Abstract: Diffusion MRI (dMRI) tractography of the brain provides information about its tissue microstructure and structural connectivity non-invasively. Since its inception in the mid 1990's, tractography has allowed to image the brain white matter pathways in-vivo. Although dMRI tractography methods have evolved to provide increasingly accurate white matter fiber reconstructions, their anatomical fidelity is impacted by inherent ambiguities of the diffusion signal and the fundamentals of the streamline propagation procedure. Several works have shown that conventional streamline tractography produces significant proportions of implausible streamlines, their ability to map a number of white matter pathways being moderate to low. Thus, the in-vivo delineation of the brain white matter architecture remains incomplete. In recent years, much effort has been put into proposing tractography deep learning models to overcome the limitations of conventional tractography synthesis and analysis methods. Deep learning-based tractography methods proposed in scientific literature have shown comparable or superior ability to generate anatomically plausible results compared to conventional methods. In this talk, I will present a family of deep representation learning methods that I have proposed to analyze and synthesize tractography data.
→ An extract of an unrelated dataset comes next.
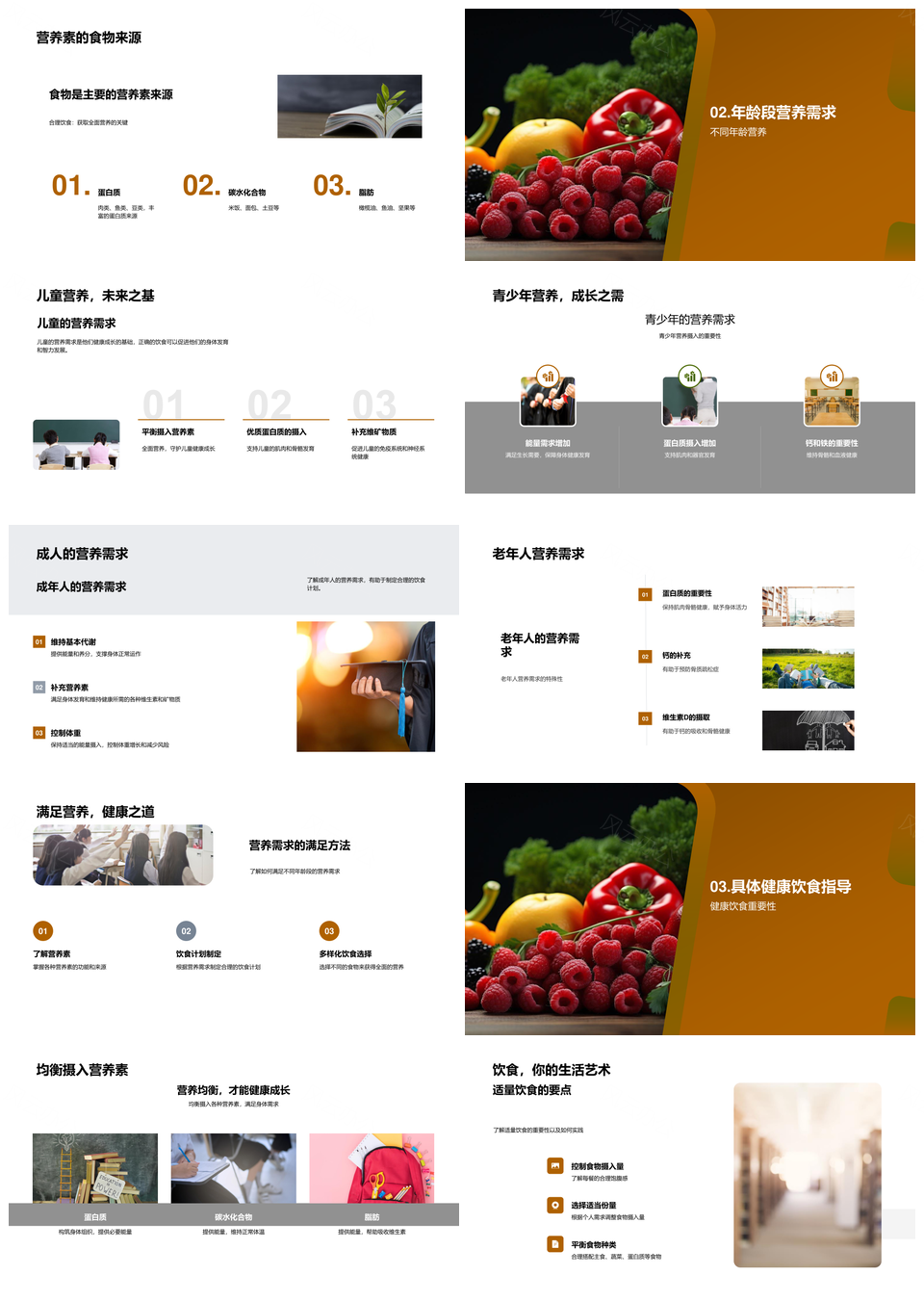 这是一张全龄营养饮食健康生活果蔬指南PPT模板,包含全龄、营养、饮食、健康、生活、果蔬、指南等主题内容,也可用作全龄营养饮食健康、营养饮食健康生活、饮食健康生活果蔬、健康生活果蔬指南、全龄营养饮食、营养饮食健康、饮食健康生活、健康生活果蔬、生活果蔬指南、全龄营养、营养饮食、饮食健康、健康生活、生活果蔬、果蔬指南等PPT场景使用。

By employing tractography streamline data and an appropriate representation framework, I will demonstrate how the model can be harnessed to accomplish several tasks in tractography without requiring separate training steps. The framework allows to filter and bundle streamlines into anatomically consistent groups, and provides plausible white matter fiber reconstruction capabilities without requiring any streamline propagation. Results show that the proposed framework outperforms conventional streamline propagation and analysis methods on both synthetic and human brain in-vivo data.